The fact that the distance between these two points is indeed 20001571.135 meters was computed directly by GeographicLib. However, here I must point out that this result seems to disagree with many websites that offer such calculations. This is probably caused by the fact that nearly antipodal points are corner cases for geodesic computations on ellipsoids.
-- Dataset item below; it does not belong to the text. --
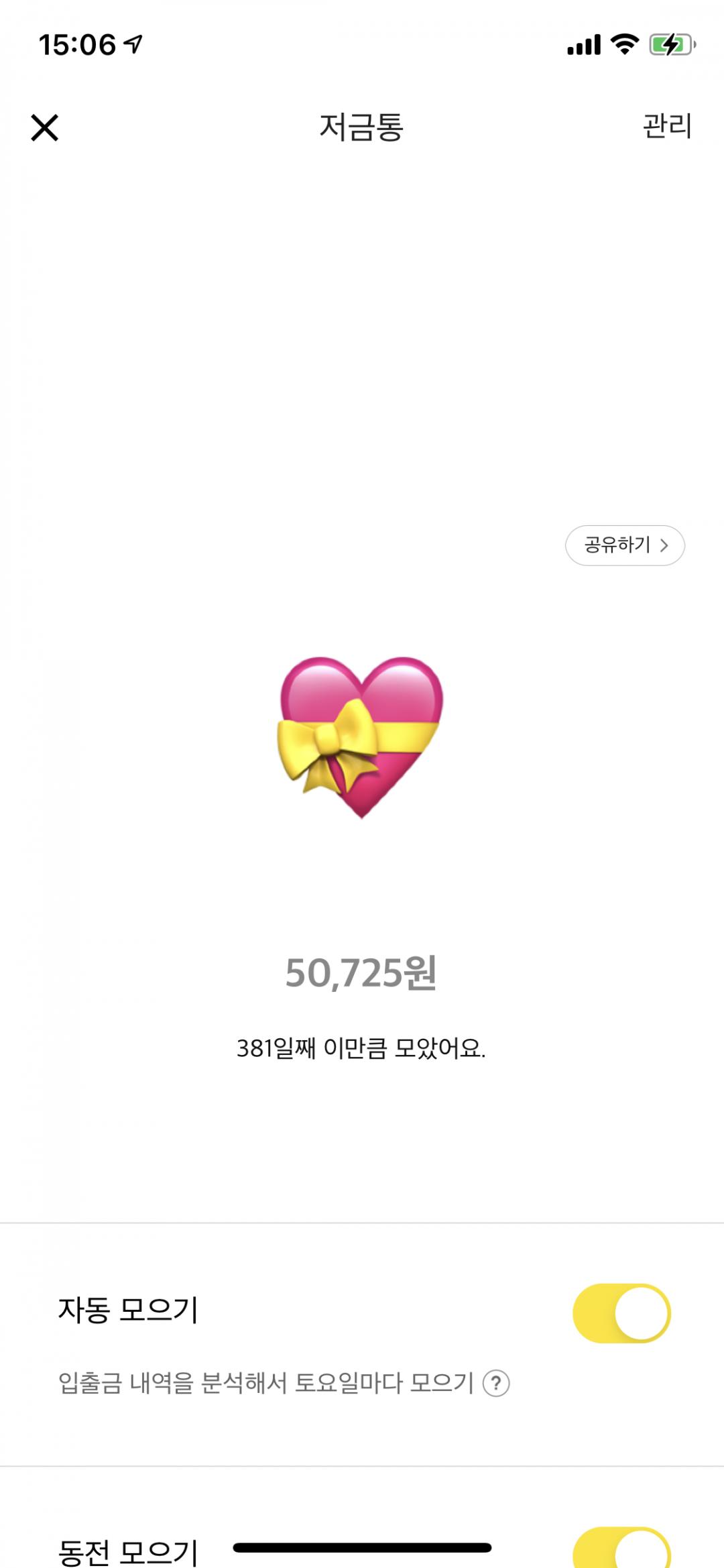 저금통 모으는 재미가 쏠쏠하죠? 자동모으기 하니 금방 쌓여서

• The coordinate distance calculator reports an absurd distance of 8.33 kilometers; the distance reported for antipodal points is 0 kilometers.
• The GPS visualizer computes the distance as NaN.
• The WGS-84 Geoid Distance Calculator also returns NaN.
• The FAI calculator indicates that "Algorithm did not converge".
• The Landings.com tool estimates the distance as 19867.6 km, and gives no indication of which coordinates it is using.
• travelmath.com gives a distance of 0 km.
• The Great Circle Mapper estimates the distance to be 20029 km, which seems inaccurate because it is more than 20004 km, the length of a half-meridian in the WGS-84 system. Another example illustrates that this tool does not seem to be using the shortest geodesic when computing distances. I have since heard from the maintainer, this is indeed a bug.
• The World-airport-codes tool gives a result of 20005.74 km, which again is slightly too large, but by a smaller margin.
• Google Maps computes the distance as 20007 km, which seems too high again.

It is conceivable that the sources that overestimate the distance (except Great Circle Mapper, where the difference is too high, and otherwise explained) are using a geoid model, to account for variations in radius beyond what the WGS-84 ellipsoid accounts for. This is beyond the scope of what I did.

That this pair is indeed the most distant depends on whether positions for other airports in OpenFlights are accurate, and whether this source is exhaustive, i.e., contains all airports. I did not really try to check any of these two points.